Jim Auld [00:07:21] A thing that a lot of folk have said to me since last year is, a bit like Prince Philip, "I didn't want any fuss. I wanted a small funeral," or, "my father wanted a small funeral," "my wife wanted a small funeral, and basically they've got what they wanted. It's not what we wanted." And a lot of families have said to me afterwards, "when my time comes, I want exactly the same for me. I don't want a big funeral. It was far more intimate, allowed us to grieve better, because we were amongst family and friends, so we didn't have to worry about keeping a stiff upper lip." And I think the communication side of things is certainly helping.

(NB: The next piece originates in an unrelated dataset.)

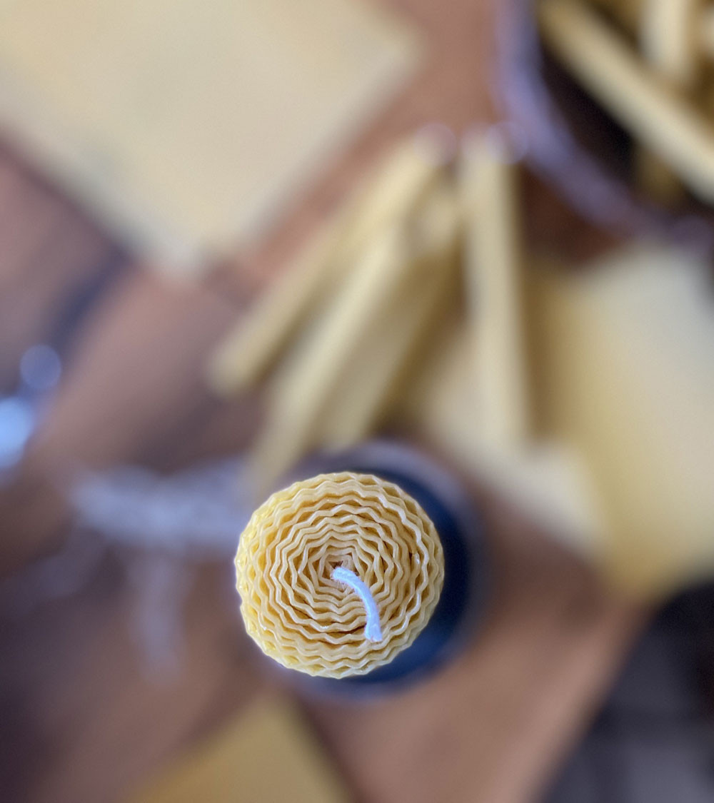 Ajoutez une touche authentique et chaleureuse à votre intérieur avec nos bougies en cire d'abeille 100% naturelle.

Jim Auld [00:08:00] Unfortunately, our local crematorium doesn't have a webcasting facility. We've got a company that comes in and actually films the funeral for us at a cost, and within a couple of hours send out an editable funeral service. And that suits very well for people, particularly perhaps overseas, and it's also a memento.

Jim Auld [00:08:21] One thing that we're finding in a lot of people has been holding a particular route for the cortege to pass. And that way people can stand and show their respects. We went via one of our care homes other week there. The lady was enormously popular and the home actually said, "do you think you could drive the hearse by the home, so that the staff, ok the residents couldn't get out to the streets, but as many of the staff, whether on duty or not, could be there." And there must be about 30 staff stood outside the care home at a social distance. And it was lovely.

Malcolm Flanders [00:08:52] Okay, Jim, thank you. Sandra, if we step back from the pandemic then, for the moment, from the church's perspective, how do you find the working relationship with funeral directors? Do you work well together? And is there any scope to work more closely? And does it vary from place to place?

Sandra Miller [00:09:10] Well, the last part is the easiest one to answer, because it absolutely varies from place to place, because as I often say, when I'm doing training with clergy, is there's a spectrum of behaviour; vicars who are really brilliant at what they do and there are funeral director who are really brilliant at what they do. Equally, there are vicars who are not very good and, you know, surprise, surprise there are funeral director who are not very good. And in between there's most of us trying to do the best that we can. And one of the things we talk about a lot is finding our common ground, which is serving the bereaved in our community and respecting one another's role in that.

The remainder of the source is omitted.